EXPLAIN ANALYZE SELECT * FROM orders
WHERE (created_at, id) < ('2025-01-15', 1000)
ORDER BY created_at DESC, id DESC LIMIT 20;

→ Index Scan using idx_orders_created_at_id on orders
   Execution Time: 2ms  (same speed regardless of position)

Requirement: Sorted Unique Key

Keyset pagination requires the sort columns to produce a unique ordering. If created_at has duplicates (multiple orders at the same timestamp), the tie-breaker must be a unique column (like id).

-- Wrong: non-unique sort key → items with same created_at may be skipped
WHERE created_at < '2025-01-15' ORDER BY created_at DESC LIMIT 20;

-- Right: add unique tie-breaker
WHERE (created_at, id) < ('2025-01-15', 1000)
ORDER BY created_at DESC, id DESC LIMIT 20;

Comparison

PropertyOffsetCursor / Keyset
Performance at deep pagesDegrades linearly with offsetConstant — always index scan
Random page accessYes (?page=50)No — must traverse sequentially
Stability under writesItems can repeat or be skippedStable — position anchored to sort key
Implementation complexityTrivialModerate (cursor encoding, composite WHERE)
Total count availableYes (but COUNT(*) is expensive on large tables)Not naturally — requires separate count query
Best forAdmin panels, small datasets, page-number UIsInfinite scroll, mobile apps, large datasets

Page Size Trade-offs

Page SizeProsCons
Small (10–20)Low latency, small payload, responsive UIMore round trips, higher overhead per request
Medium (50–100)Balanced; typical default for APIs
Large (500–1000)Fewer requests, good for batch processingHigher latency, larger payload, memory pressure on client

Practical defaults: Stripe uses 10 (max 100). GitHub uses 30 (max 100). Twitter uses 20. It’s sensible to let the client choose within a capped range via ?page_size=50 with a server-enforced maximum.

Consistency During Pagination

Even with cursor pagination, concurrent writes can cause issues:

Page 1 request: returns items with id > 1000 (items 1001-1020)
Between requests: item 1015 is deleted
Page 2 request: returns items with id > 1020 (items 1021-1040)

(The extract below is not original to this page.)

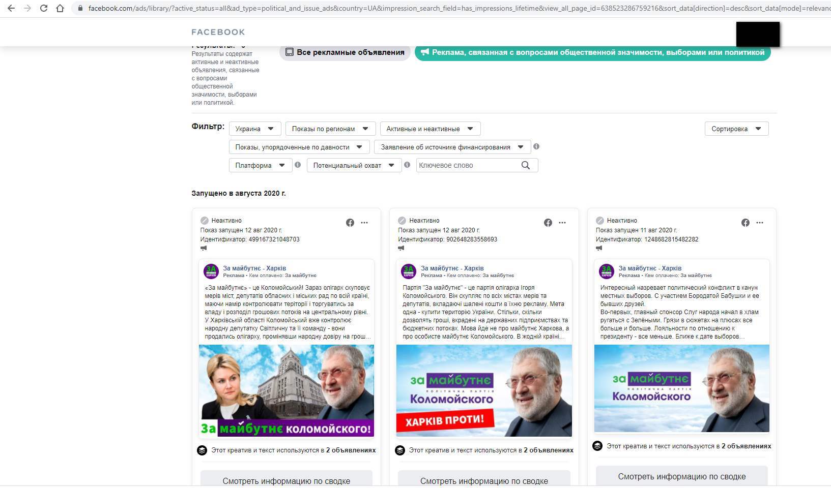 Також варто відзначити дописи з елементами «чорного піару», які рекламувався у Facebook для користувачів з Харківської області. Дописи «За майбутнє Коломойського» розповсюджувала група «За майбутнє-Харків». І на одній з ілюстрацій до посту булла зображена нардепка Світлична. Максимальна сума на розповсюдження склала 297 доларів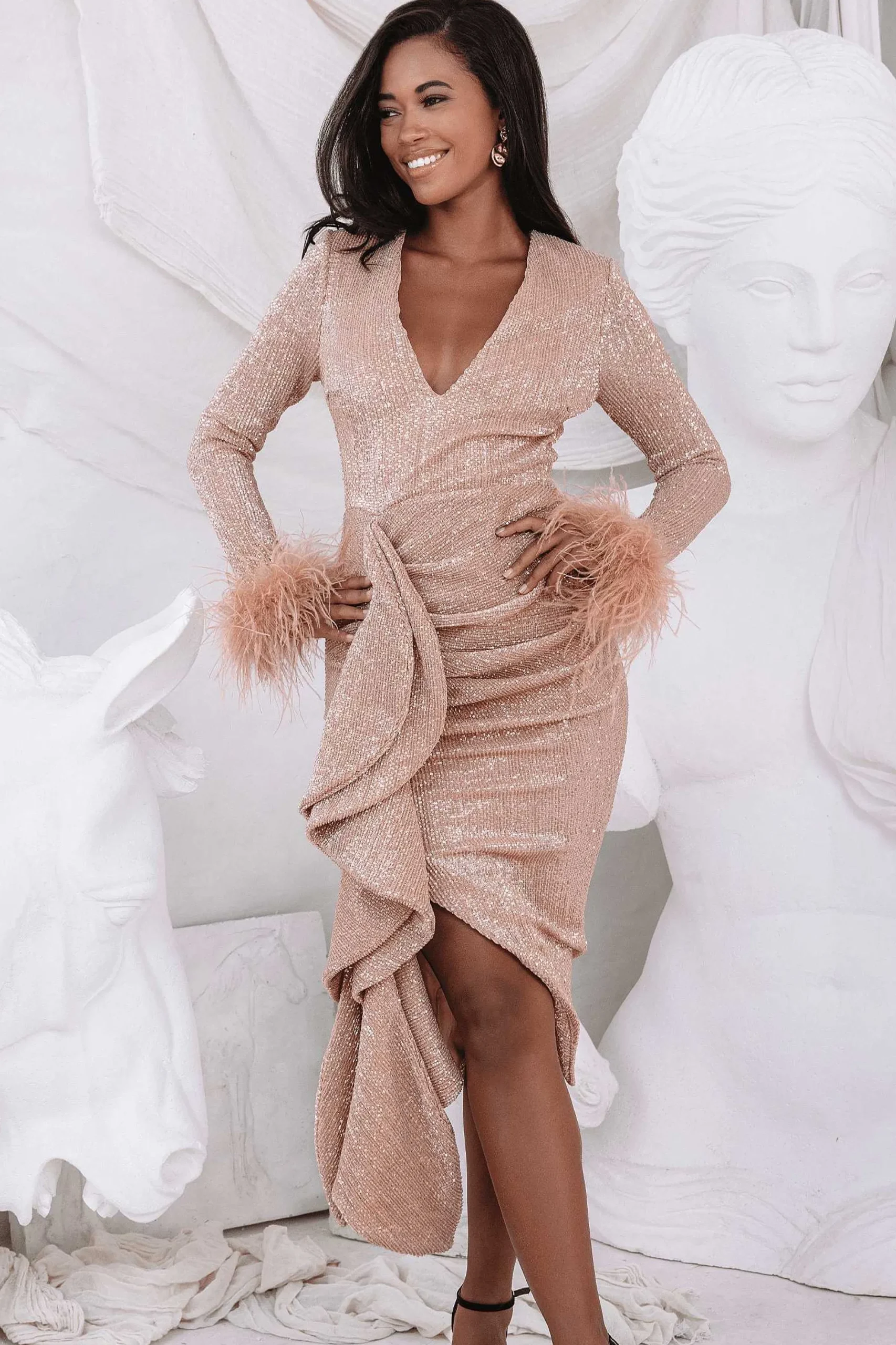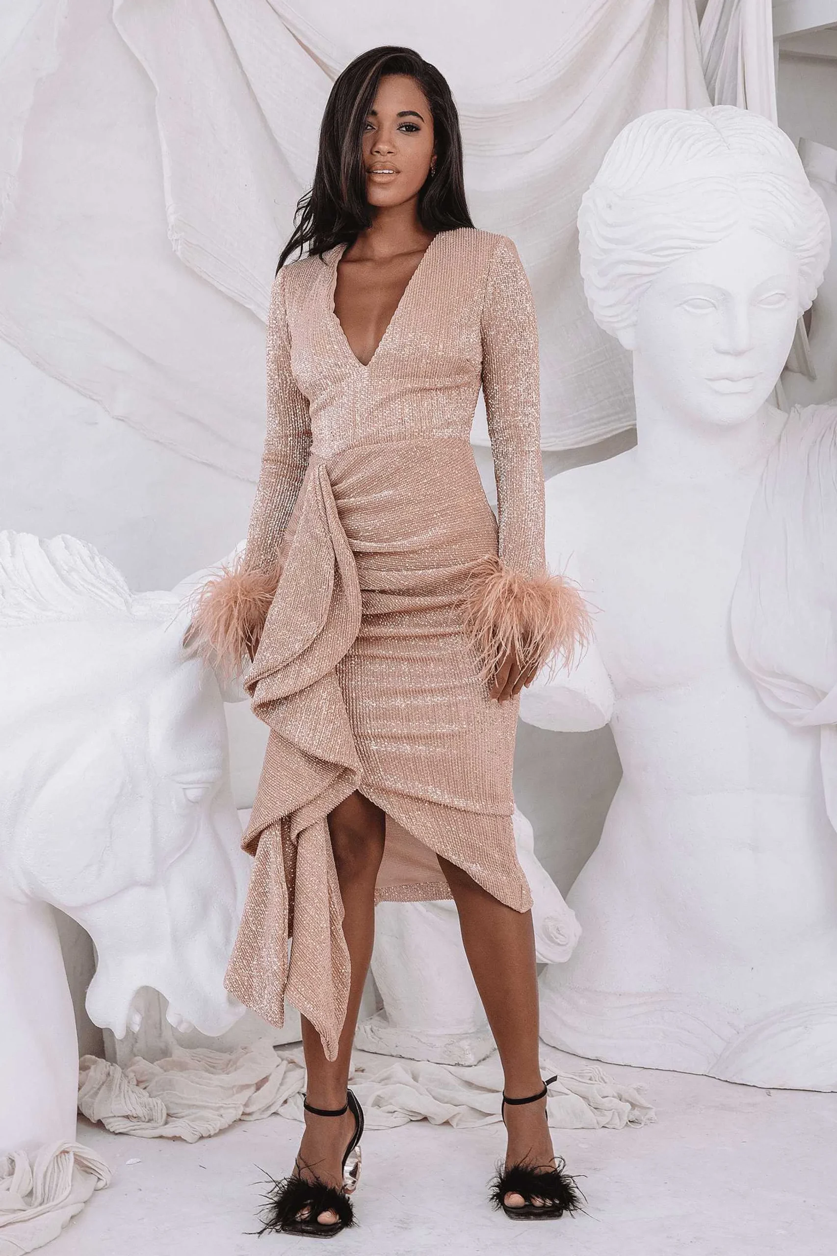 The Athena Draped Skirt Pleated Sequin Midi Dress Will Stand Out For Its Statement Luxury Details. The Gold Sequin Midi …

Result: item 1015 disappeared — client never sees it

Mitigation strategies:

  • Acceptable for most use cases: pagination is a best-effort view, not a snapshot
  • Snapshot isolation: use a database transaction with REPEATABLE READ for the entire pagination session (impractical for stateless APIs)
  • Versioned cursors: encode a timestamp in the cursor; query against a read replica that’s at least as fresh as that timestamp
ℹ️

Interview tip: When an API needs to return a large list, say: “I’d use cursor-based pagination with keyset queries — the cursor encodes the last item’s sort key and is opaque to the client. Unlike offset pagination, performance doesn’t degrade for deeper pages because the database uses an index seek instead of scanning. The trade-off is no random page access, which is fine for infinite scroll UIs but not for page-number navigation.” This shows you understand the database-level reason for the choice, not just the API pattern.